Learning how to ask questions fruitfully
Learning to ask questions that are useful at the right time is very learnable, though it takes practice. Here are some guidelines I’ve found useful in teaching mediators to ask better questions:
Ask one question at a time. This seems obvious, but watch television news interviews and you will see how frequently it isn’t done. Don’t fill the space, don’t blather on, don’t ask three questions when one good one will do.
Listen to the answer! It is important not to listen with your answer running; you don’t want to miss the answer because you’re inside your head. If you asked a question because you believe it has merit, then don’t waste it by missing the reply.
Don’t fill the silence. When you’ve asked a very good question, the other person may well need time to process it and consider their reply. This is a good thing! Good questions deserve good answers, so stay out of their way and let them think.
Ask the thing you really want to know. When I am teaching new and even experienced mediators to ask elegant questions, I will often hear a question that seems to beat around the bush. I’ll ask the mediator, What is it that you really want to know? and they’ll tell me very clearly. It is often not the question they asked and equally often, it is the question they really should have asked. It is possible to be kind and direct and clear all at the same time.

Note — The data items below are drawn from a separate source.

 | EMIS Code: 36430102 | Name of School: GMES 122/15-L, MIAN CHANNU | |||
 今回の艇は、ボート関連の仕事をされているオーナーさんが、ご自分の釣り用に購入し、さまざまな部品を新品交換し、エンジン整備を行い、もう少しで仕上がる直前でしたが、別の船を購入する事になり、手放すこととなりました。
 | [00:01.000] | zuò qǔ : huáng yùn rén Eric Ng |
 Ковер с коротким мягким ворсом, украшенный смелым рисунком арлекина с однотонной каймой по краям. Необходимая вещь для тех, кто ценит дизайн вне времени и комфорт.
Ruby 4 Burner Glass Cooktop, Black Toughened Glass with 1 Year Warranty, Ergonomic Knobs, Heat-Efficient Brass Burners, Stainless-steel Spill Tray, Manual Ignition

Try not to rely on a question queue. When you’re learning to ask good questions, it is tempting to jot down a series of things you want to ask and then work through those questions. This is a mistake. First, your conversation will start to sound more like an interrogation than an exploration, and this may put people off. More importantly, what you do or say next is born from their reply to your good question. You cannot know what your next question or response should be until you listen fully to what they’ve said. If you are curious enough, you will not be at a loss for good questions. If you fear you will not know the next right thing to say if you don’t have questions queued up, practice at home at the dinner table or at work at the lunch table. When you relax into it, it isn’t difficult.

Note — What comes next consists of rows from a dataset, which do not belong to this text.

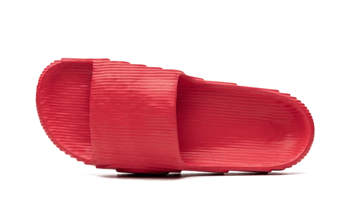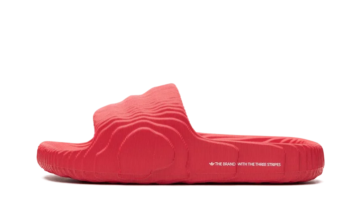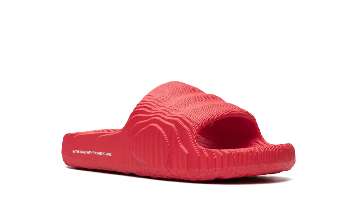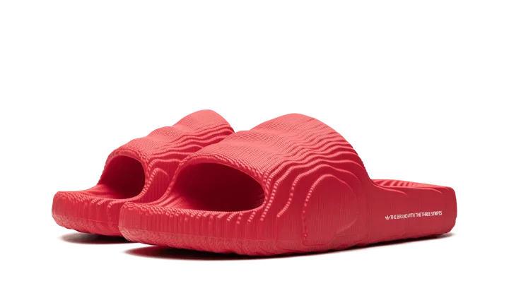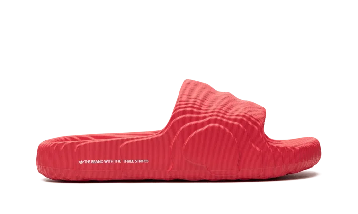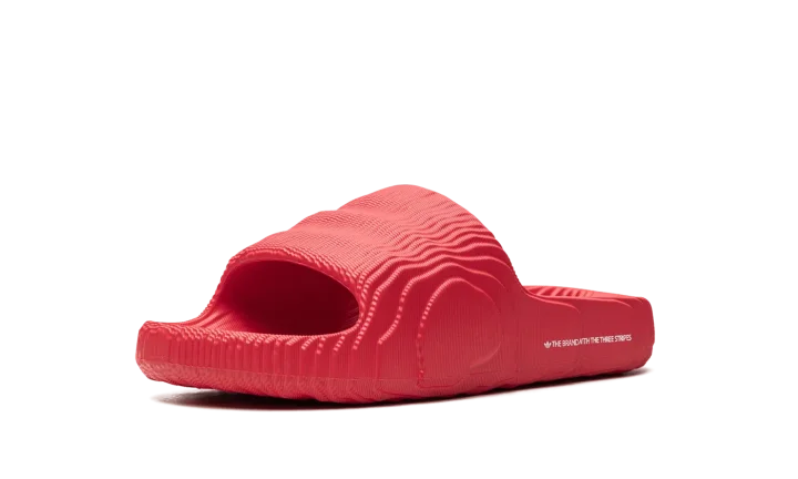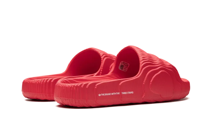 The adidas Adilette 22 Slide "Scarlet" is a colorway of the comfortable slip-on sandal that's made from eco-friendly materials. Designed similarly to the popular adidas Yeezy Slide, the Adilette 22 has a contemporary vibe with wavy lines inspired by 3D topography. The sandal is made from lightweight EVA foam that contains up to 25% plant-based ingredients derived from sugarcane. The "Scarlet" colorway features a monochromatic Scarlet red appearance with "The Brand With the Three Stripes" branding on the lateral side of the footbed.
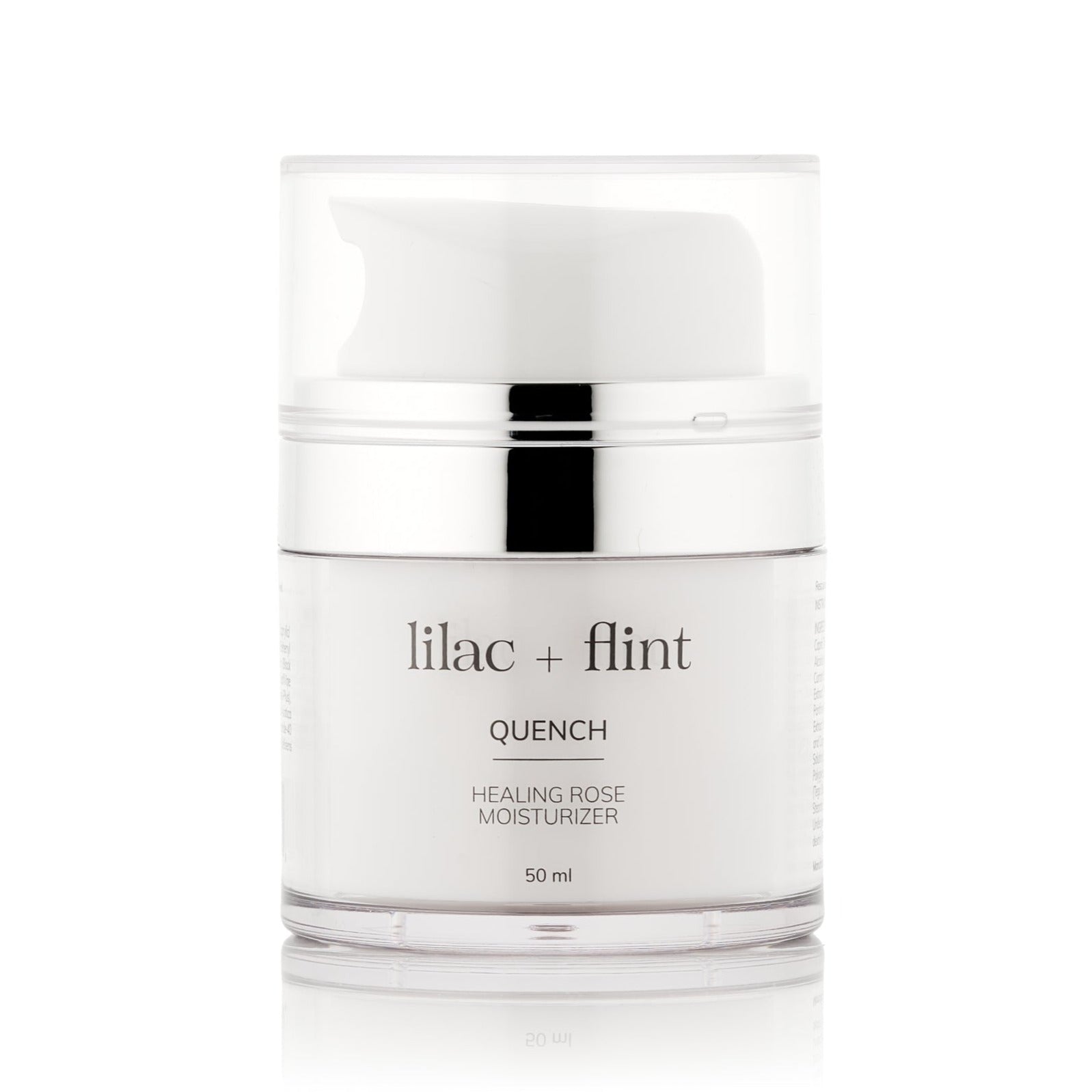 Calm, restore, and deeply hydrate with this luxurious cream for dry, irritated, or rosacea-prone skin. Quench Moisturizer blends soothing botanicals and peptides to visibly reduce redness and support skin barrier repair. Aloe, Pink Rock Rose, and Korean Tiger Grass calm inflammation, while specialized peptides and Mexican Arnica help strengthen skin and ease sensitivity. Lightly scented with rose water for a comforting finish.
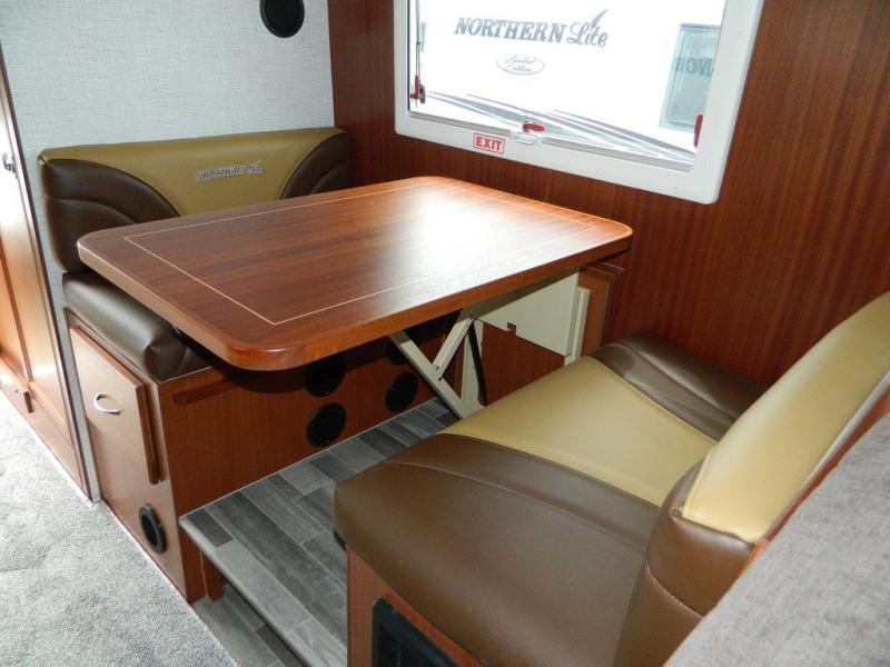Ultimate features and a high quality construction is what you will find in any one of these Northern Lite Limited Edition truck campers! The raised chrome graphics will turn heads on the highway. The Sapele hardwood interior and premium leatherette seating will have you feeling right at home whether you are going on a fishing trip or full time RV living. A power side awning will protect you rain or shine and you can crank up the tunes with the outside speakers. With a four seasons package, you can camp any time of year and with three 200 watt solar panels you can even go off-grid camping. Don't worry about backing up with the camper either, the backup camera has you covered. Come see all of the other handy features these units offer!

Be transparent. Don’t try to hide the intention behind your question, though do try to have intent that isn’t manipulative. If you are wondering something inside your head, consider asking it. I find myself wondering… is language I find very honest and useful in moments like this.
Avoid multiple choice and run-on questions. They confuse and convolute. I’ve noticed that run-on questions tend to surface when the asker is nervous, so practice asking a simple, clear question and then stopping yourself. Multiple choice questions assume you know all the options — and you probably don’t. Don’t limit the response possibilities.

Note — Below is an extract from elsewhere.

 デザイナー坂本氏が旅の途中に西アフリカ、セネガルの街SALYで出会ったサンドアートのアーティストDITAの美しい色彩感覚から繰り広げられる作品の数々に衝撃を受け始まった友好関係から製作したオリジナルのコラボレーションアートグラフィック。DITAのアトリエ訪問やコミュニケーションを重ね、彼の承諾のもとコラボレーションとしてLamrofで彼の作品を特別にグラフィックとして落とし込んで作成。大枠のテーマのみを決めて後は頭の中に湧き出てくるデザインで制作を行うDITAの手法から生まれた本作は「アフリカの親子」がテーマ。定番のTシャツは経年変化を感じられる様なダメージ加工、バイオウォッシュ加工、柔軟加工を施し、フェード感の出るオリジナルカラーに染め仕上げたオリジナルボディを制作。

Avoid leading questions. Leading questions aren’t good questions; they’re statements or your solution masquerading as questions. They’re not artful and they come off as manipulative, degrading the discussion.
Remember that close-ended questions have use sometimes. We tend to value open-ended questions (questions that have multiple possible answers) over close-ended questions (questions that usually have one possible answer). That’s not a bad rule of thumb, but sometimes close-ended questions fill in a much-needed tidbit.
Timing is important. A wonderful question asked at the wrong time may yield little. They may not be ready to answer it, they may not trust you yet with the answer, they may not know the answer yet. I’ve found that the best way to develop good timing for good questions is to practice and be patient — your ability will improve with experience. And even then, you will not always get the timing right. People are complex.
See if you can figure out the missing question you haven’t thought to ask. You don’t have to be omnipotent. Sometimes they have the better question or the missing one and that is a very good thing. What question haven’t I asked can be very useful.